10年、20年住めない。
管首相が10年、20年住めないと発言したというので、福島の地域住民から一斉の反感を買った。あれは自分の発言ではないとさっそく否定した。原発事故処理の政府の不手際が指摘されているが、よくこの程度で抑え込んでいると思う。原発は危険な厄介なものなのだ。放射能汚染地域に10年、20年住むべきでない。という判断は止む負えないことだと思う。故郷を捨てざる得ない人たちが、絶望的な気持ちに成る。どれほどかつらいかも、分かりたい。それでも、受け入れたほうがいい。その上で、同時に管氏が発言したという、エコタウンの未来構想を住民たちが、自らの展望として、具体化して行くことではないだろう。地域住民の故郷を捨てがたい思いが、どのようなことに成るのか心配である。福島県知事をはじめ、当事者の長である町長は、政治家としての正しい判断が必要。すでに起きてしまった取り返しのつかないことを嘆き、管氏の心ない態度を嘆くより、どのように住民の未来の展望を開くかではないか。

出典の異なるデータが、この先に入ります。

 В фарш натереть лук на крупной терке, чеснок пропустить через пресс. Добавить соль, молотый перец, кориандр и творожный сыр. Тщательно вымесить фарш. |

管氏が震災以来初めて、具体的な発言をしたと思いきや、一斉に反発を食らった。なるほど政治は難しいものだ。ここは辛抱ではないか。飯館村村長は、何故あれほど怒ってしまったのだろう。福島の内陸部は日本で最も美しい村が点在する。都会とは違う論理の中で、村の将来が見え始めた時だった。私が移住先を探したころには、既に都会から福島に移住した人たちの噂は聞いてきた。しかし、寒いところは駄目だと考えていたので、選べなかった。飯館村の人たちは、自分たちの故郷以上に美しい村を見たことがないだろう。そこにもう住めないと言われたら、耐えられない気持ちになることは想像できる。福島で起きたことは、足尾鉱毒事件と同じことである。国策と称する利権によって住民が騙された事件だ。避難区域に暮らす人たちが、どれだけ怒っても当然のことである。

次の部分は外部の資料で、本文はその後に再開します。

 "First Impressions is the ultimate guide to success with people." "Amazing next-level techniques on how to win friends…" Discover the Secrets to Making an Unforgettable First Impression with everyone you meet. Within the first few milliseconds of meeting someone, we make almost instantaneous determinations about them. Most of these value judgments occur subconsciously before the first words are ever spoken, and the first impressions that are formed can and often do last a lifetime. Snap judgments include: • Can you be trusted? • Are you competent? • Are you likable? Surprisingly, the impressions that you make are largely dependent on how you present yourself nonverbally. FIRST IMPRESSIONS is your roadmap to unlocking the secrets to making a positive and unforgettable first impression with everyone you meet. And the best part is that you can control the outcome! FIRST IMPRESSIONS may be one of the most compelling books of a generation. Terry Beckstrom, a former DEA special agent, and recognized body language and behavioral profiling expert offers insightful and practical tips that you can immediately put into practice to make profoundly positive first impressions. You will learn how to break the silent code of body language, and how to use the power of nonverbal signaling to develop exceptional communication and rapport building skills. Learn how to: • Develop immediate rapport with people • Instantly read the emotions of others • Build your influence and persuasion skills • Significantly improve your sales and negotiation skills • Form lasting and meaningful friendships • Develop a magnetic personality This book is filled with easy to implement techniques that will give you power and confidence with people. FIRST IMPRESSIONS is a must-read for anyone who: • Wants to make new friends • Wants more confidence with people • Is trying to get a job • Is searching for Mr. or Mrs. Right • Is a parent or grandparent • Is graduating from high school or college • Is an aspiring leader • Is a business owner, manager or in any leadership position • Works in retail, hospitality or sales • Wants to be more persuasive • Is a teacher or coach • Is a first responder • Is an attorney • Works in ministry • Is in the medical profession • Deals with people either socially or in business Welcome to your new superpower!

東京に暮らす人には、分かりにくい感覚だと思う。落ちているビニール袋一枚拾う時に故郷を思う心がある。そんな気持ちは新宿を歩いているときには起きない。故郷は育てているものだ。日々の暮らしをしながら、故郷を育てている。誰のものでもない自分のものとして育てている。諦めきれない思いがあることを分かるとは言えないので、分かりたい。それでも、どうしようもないことは受け入れて早く次のことを考えるときではないだろうか。少なくとも、選択肢は広い方がいい。政府行政は条件を整備して、新しく村づくりを行いたいという人たちに、提示する必要がある。管氏の性格だから次はないだろうから、管氏には降りてもらい、新しい人たちで新しい出発を行うべきなのだろう。2007年11月。福島県飯舘村の菅野典雄村長は、「日本は世界一安全な国だったが、いまは世界一危ない国に近づいている。効率一辺倒で走ってきた後遺症だ」。村で開かれたイベントで、こうあいさつしているそうだ。

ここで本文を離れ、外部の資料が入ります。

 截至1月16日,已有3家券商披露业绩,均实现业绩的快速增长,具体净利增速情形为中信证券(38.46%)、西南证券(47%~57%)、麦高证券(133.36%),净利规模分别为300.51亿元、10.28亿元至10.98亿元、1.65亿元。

放射能の情報の自己判断は難しい。アメリカの考えでは現在も80キロ圏内立ち入り禁止ということらしい。ヨーロッパでもかなり厳しい展望が流布さえているようだ。しかし、すでに東京がモスクワより放射能レベルが低いというデーターも出ている。放射能の危険領域は、狭く限定されていると考えた方がいい。一般地域では必要以上に恐れる必要はない。しかし特定危険領域では暮らさない方がいいのも現実である。アレクセイの泉ではないが、その覚悟を決めて暮らしたい者は暮らす。という選択肢もあるだろう。正しいなどということはどこにもない。私の中では東京に暮らす方がリスクが高いと思っている。東京に出かけるときは、何があるかといつも緊張している。つまりリスクのない暮らしはどこに居てもないとおもう。